- Bapunagar Location in Ahmedabad, Gujarat, India Bapunagar Bapunagar (Gujarat)
- Coordinates: 23°02′18″N 72°37′50″E﻿ / ﻿23.038350°N 72.630528°E
- Country: India
- State: Gujarat
- District: Ahmadabad

Languages
- • Official: Gujarati, Hindi
- Time zone: UTC+5:30 (IST)
- Postal code: 382330
- Vehicle registration: GJ 01 and GJ 27
- Website: gujaratindia.com

= Bapunagar =

Bapunagar is a neighbourhood in Ahmedabad, Gujarat, India. It is in the eastern part of the city, in the Bpunagr ward. Its name derives from the word bapu, which refers to Gandhi, who was popularly called bapu, or 'father'.

== History ==
Bapunagar was established in the early 1960s as a residential area for the poor mill workers, when Ahmedabad was a flourishing textile centre. Many of these mills had closed by the late 1980s, reducing the now unemployed mill workers to home businesses, such as making incense sticks or candles. The present day detergent giant Nirma began as just one such home industry; the owner started by making household detergents and selling them door to door.

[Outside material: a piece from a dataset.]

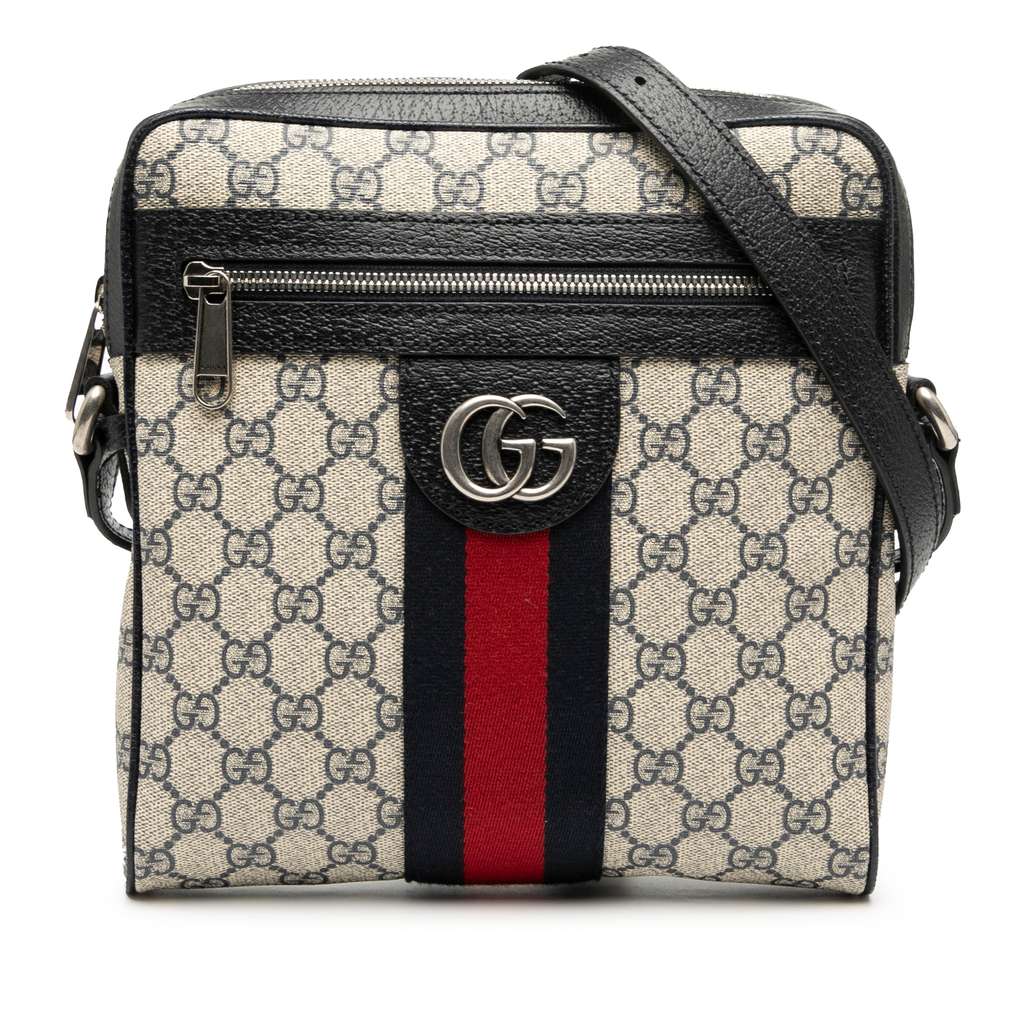 The Ophidia Crossbody Bag features a coated canvas body with leather trim, flat leather strap, exterior zip pocket, top zip closure, and interior zip and slip pockets.

== Industry and business ==
In the early 1990s, diamond cutting arose as an industry in the absence of the textile mills. At present, Bapunagar ranks second in India as a diamond cutting centre, after only Surat. Diamond cutting has absorbed many of the workers who used to be employed by textile mills, and attracted additional people from the Saurashtra region. This influx of new residents caused a resultant increase in the housing sector and construction is causing a second more recent employment boom. Bapunagar Darpan is local bi-weekly newspaper operated from Bapunagar, Ahmedabad.

== Landmarks ==
Maleksaban, or Lal Bahadur Shastri Stadium, was the first sports stadium in Ahmedabad, but due to insufficient use and funding, it was converted into a sports complex, Sardar Patel Stadium. It is occasionally used for military drills and informal cricket games.

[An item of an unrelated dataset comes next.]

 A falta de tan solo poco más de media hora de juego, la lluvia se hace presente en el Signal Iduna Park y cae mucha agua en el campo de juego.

Built in the 1450s, Malik Saban Roza is currently occupied by multiple residents. Some occupants have constructed brick walls between the existing sandstone pillars to define individual spaces within the structure, altering its original architectural layout.

Vijay Chowk is a square which divides the old and new portions of Bapunagar, and serves as a site for political gatherings and speeches, particularly when election campaigns are underway.

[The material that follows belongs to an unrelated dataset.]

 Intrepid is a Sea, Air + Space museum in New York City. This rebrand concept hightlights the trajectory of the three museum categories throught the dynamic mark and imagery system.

The city also serves as a source of agricultural products such as mangoes and chilis.

==Diversity==
Bapunagar has a diverse population, but is nicknamed "Mini-Saurashtra", as majority of its population have roots in the Amreli, Bhavnagar, Junagadh, Jamnagar and other districts of the Saurashtra region of Gujarat. The area is considered communally sensitive and has witnessed some of the worst post-independence violence, primarily struggles between the Hindu majority and the Muslim minority. The 1969 riots were the worst riots of that period, with about 1,100 lives lost, and the 2002 riots also took about 300 lives.

The VHP leader Pravin Togadia started his professional as well as political career from here.

Bapunagar also has multi-specialty hospital units like Sardar Hospital and Kakadia Hospital. The ESIC (Employees State Insurance Corporation) hospital is situated on Stadium Road.